Note that all five elements appear in relationship to the original covenant, the Abrahamic Covenant. God unilaterally and unconditionally proclaimed the terms or stipulations for each of the covenants since He is the sovereign Lord and King. “But,” someone might ask, “what is a covenant?” In the Biblical context a covenant consists of God’s declaration regarding His relationship to and plan for His chosen people. Specifically, God reveals—by means of the contents of the Israelite covenants—how He intends to full His kingdom and redemption programs on earth and in history. His programs’ purposes are fivefold: (1) to reveal Himself, (2) to glorify Himself, (3) to conform His people to His kingdom program, (4) to redeem mankind from sin, and (5) to restore His fallen creation.
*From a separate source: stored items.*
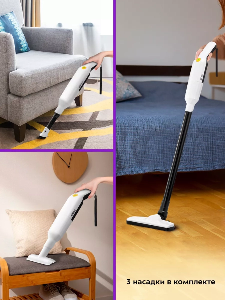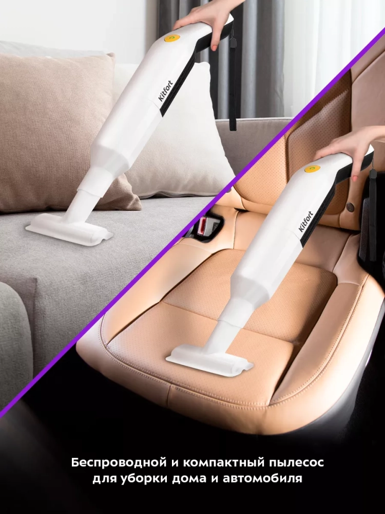 Ручной пылесос Kitfort КТ-5179 удобен при локальной и генеральной уборке. Он компактен, работает от аккумулятора, и при желании легко трансформируется в вертикальный пылесос благодаря наличию удлинительной трубки и щетки для пола в комплекте.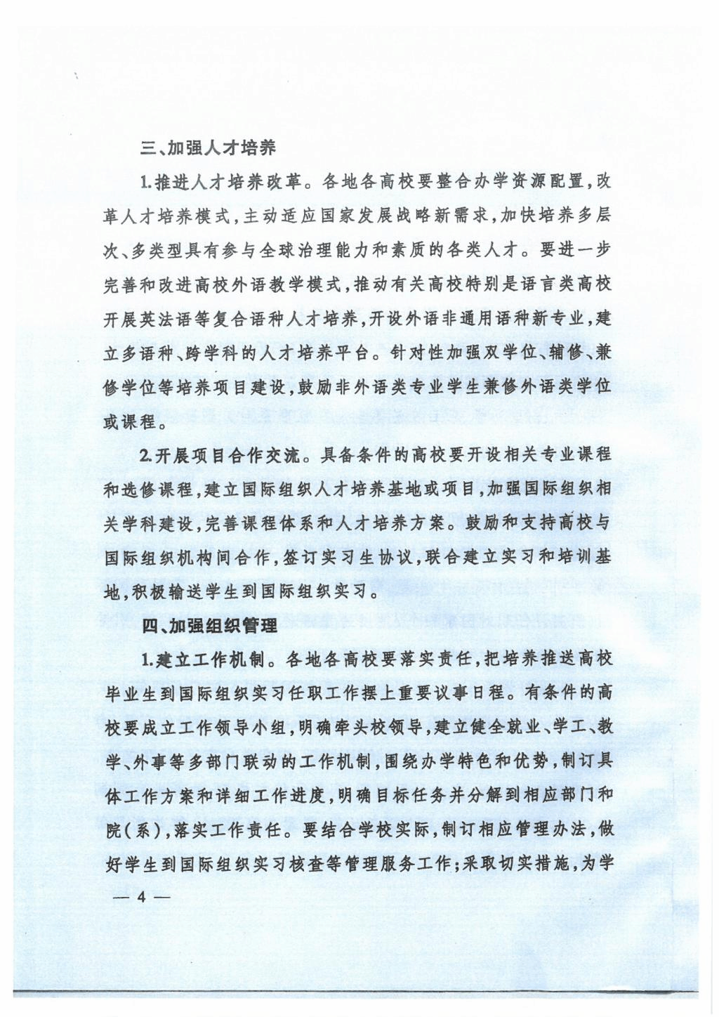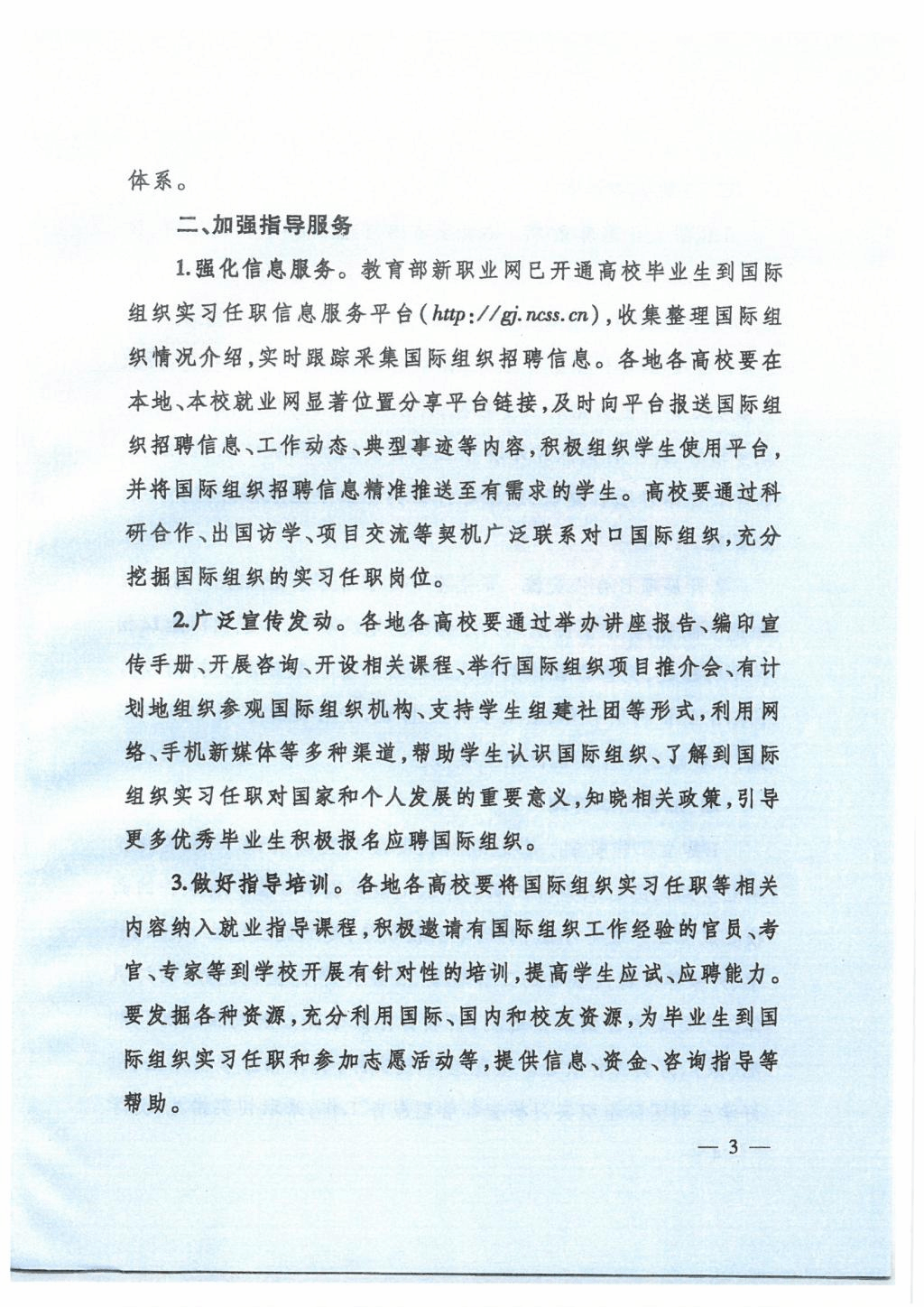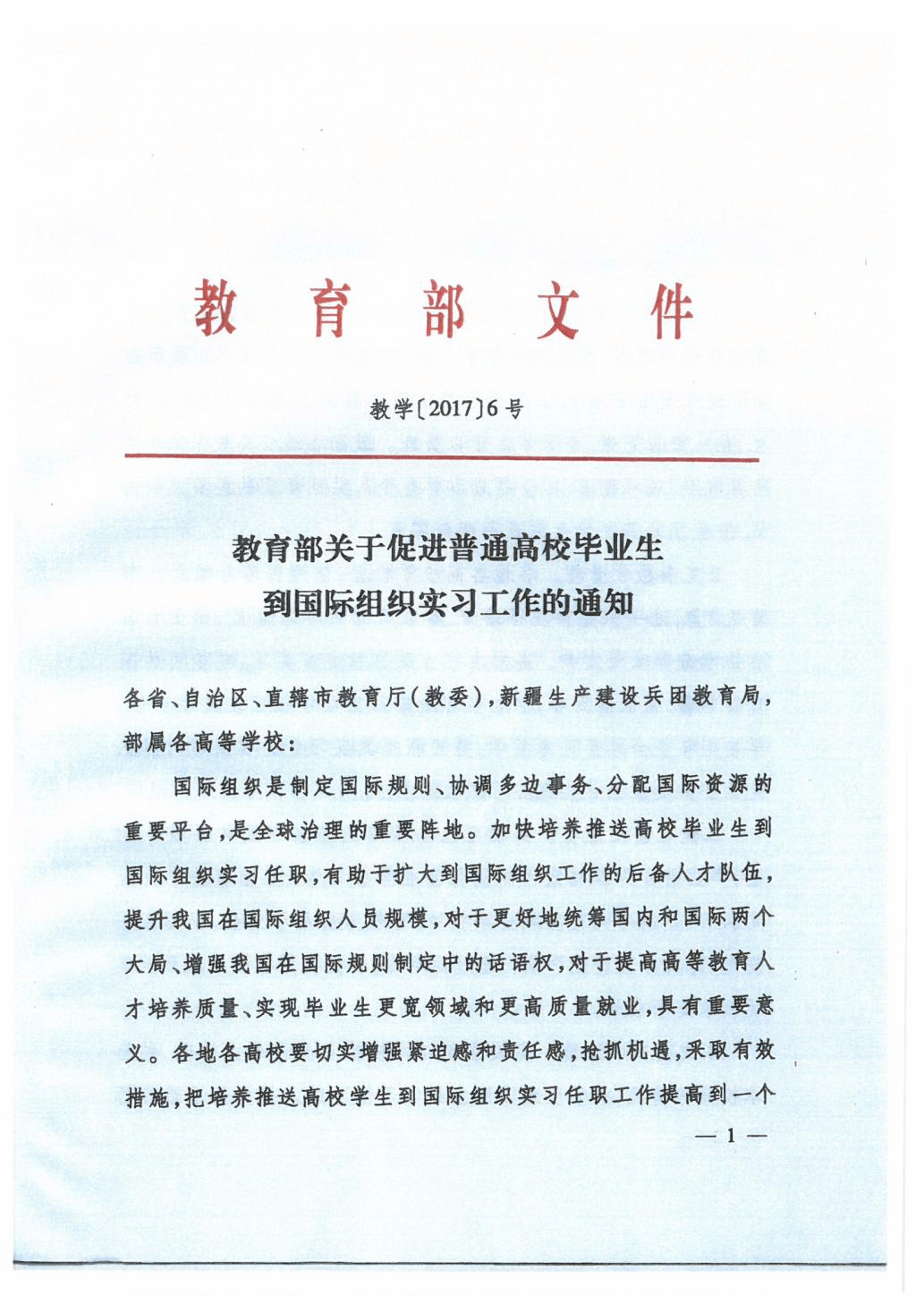 转发教育部关于促进普通高校毕业生到 国际组织实习工作的通知
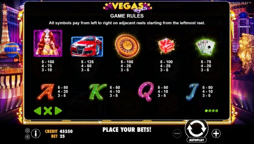 На экране игрового автомата Vegas Nights появляются сверкающие яркими огнями буквы J, Q, K и A, а также карты, игральные кости, колесо рулетки, красный автомобиль и девушка из варьете.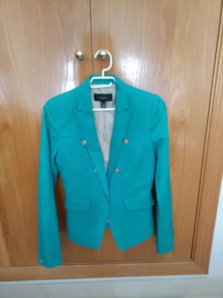 Chaqueta de Mango en color verde azulado. - Diseño de doble botonadura. - Dos bolsillos frontales. - Forro interior. - Detalle de botones dorados.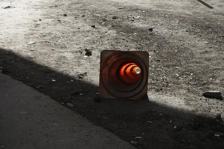 Keywords: cone traffic_cone trafficcone gray orange orange_on_gray orangeongray ground sunlight contrast outdoor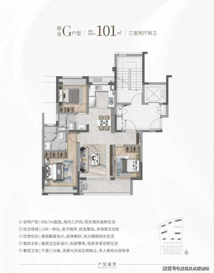 G户型:阅·见建筑面积约101㎡,三房两厅两卫
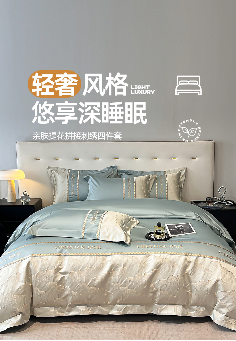 当前位置: 91家纺网 > 商品网购 > 床品套件 > 四件套 > 提花四件套 > 置顶家纺 2025新款亲肤提花拼接刺绣四件套系列 璞云-繁星蓝

In regard to the conditionality of the Biblical covenants, even the Abrahamic Covenant includes a condition—obedience. Abraham had to leave Ur of the Chaldeans. Such conditionality does not mean that God will not fulfill His covenant. He will never fail to fulfill His covenants—their ultimate fulfillment is never in jeopardy. The real issue has to do with whom or with which generation He will fulfill His covenants.

An added theological aspect of the Biblical covenants involves their theocentricity (being centered and focused on God). As we study Scripture, each covenant can justifiably be associated with a particular attribute of God’s character. Although some Divine attributes might fit with more than one covenant, the following list presents an association of a Divine attribute with each covenant. The list does not preclude the potential of other Divine attributes having a secondary association or even a tertiary association with a covenant.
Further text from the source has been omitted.